Lesson 4: Conditional Probability

TB sections 2.2

Author

Meike Niederhausen and Nicky Wakim

Published

October 9, 2024

Learning Objectives

  1. Recognize joint, marginal, and conditional probabilities in contingency and probability tables

  2. Mathematically define probability properties that relate to conditional probability (general multiplication rule, independence and conditional probability, and Bayes’ theorem)

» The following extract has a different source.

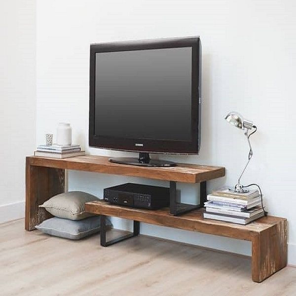 میز تلویزیون بسیار زیبا با طرحی خاص که با چوب طبیعی ترمو وود درجه ۱ با قطر ۴ سانتی متر و آهن ساخته میشود.

  3. Apply probability properties to solve a world problem on positive predictive value (PPV)

Where are we?

Learning Objectives

  1. Recognize joint, marginal, and conditional probabilities in contingency and probability tables
  1. Mathematically define probability properties that relate to conditional probability (general multiplication rule, independence and conditional probability, and Bayes’ theorem)

  2. Apply probability properties to solve a world problem on positive predictive value (PPV)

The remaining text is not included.